▶ Required action
Would you retype exactly the lines below, starting with the one that has "용인특례시(시장 이상일)는 청소년들의" and going on through the one that has "Poznaj kuchenkę mikrofalową", with no pictures and nothing else?

Stored data:
►
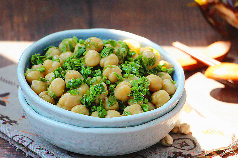 6:煮好的鹰嘴豆和处理好的香椿一起放入碗中,及少许食盐、少许香油拌匀即可。
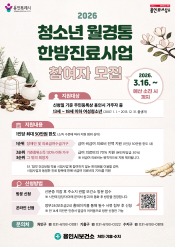 용인특례시(시장 이상일)는 청소년들의 건강한 성장을 돕기 위해 ‘청소년 월경통 한방진료 지원사업’을 실시한다고 10일 밝혔다.
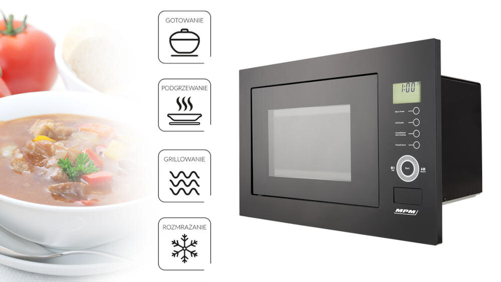Poznaj kuchenkę mikrofalową do zabudowy MPM-25-KMI-01, która jest wielofunkcyjnym i stylowym urządzeniem. Kuchenka zaspokaja wysokie oczekiwania i doskonale uzupełnia wyposażenie każdej kuchni. Wykonana jest z trwałych materiałów, z chromowanymi elementami i grillem kwarcowym. Jest idealna do gotowania, podgrzewania, grillowania i rozmrażania.
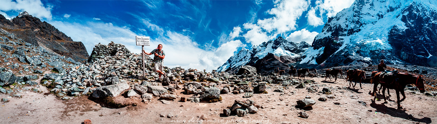 El día empieza a las 05:00 a.m. y disfrutaremos de un buen desayuno para prepararemos y emprender la caminata más difícil del camino, pondremos en orden nuestro equipaje y caminaremos por 1 hora aproximadamente hasta Salkantaypampa a 4,100 m aquí tendremos un breve descanso y seguiremos caminando en forma ascendente por 1 hora hasta el lugar de Soyrococha 4,400 m momento ideal para descansar, rehidratarnos y disfrutar del snack, el camino continua por 1 hora más hasta el punto más alto de la caminata el Abra Salkantay 4,632 m el punto más alto esta ubicado entre los 2 imponentes nevados de Humantay 5,917 m y Salkantay 6,271 m “La Montaña Salvaje» en el idioma nativo de Quechua.
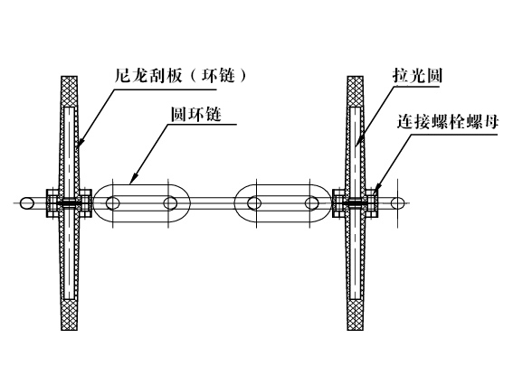 尼龙板安装间距均每隔四节安装一组,聚氨酯清扫刮板均每隔四节或六节尼龙刮板安装一片
◄
▶ Worked solution
 용인특례시(시장 이상일)는 청소년들의 건강한 성장을 돕기 위해 ‘청소년 월경통 한방진료 지원사업’을 실시한다고 10일 밝혔다.
Poznaj kuchenkę mikrofalową do zabudowy MPM-25-KMI-01, która jest wielofunkcyjnym i stylowym urządzeniem. Kuchenka zaspokaja wysokie oczekiwania i doskonale uzupełnia wyposażenie każdej kuchni. Wykonana jest z trwałych materiałów, z chromowanymi elementami i grillem kwarcowym. Jest idealna do gotowania, podgrzewania, grillowania i rozmrażania.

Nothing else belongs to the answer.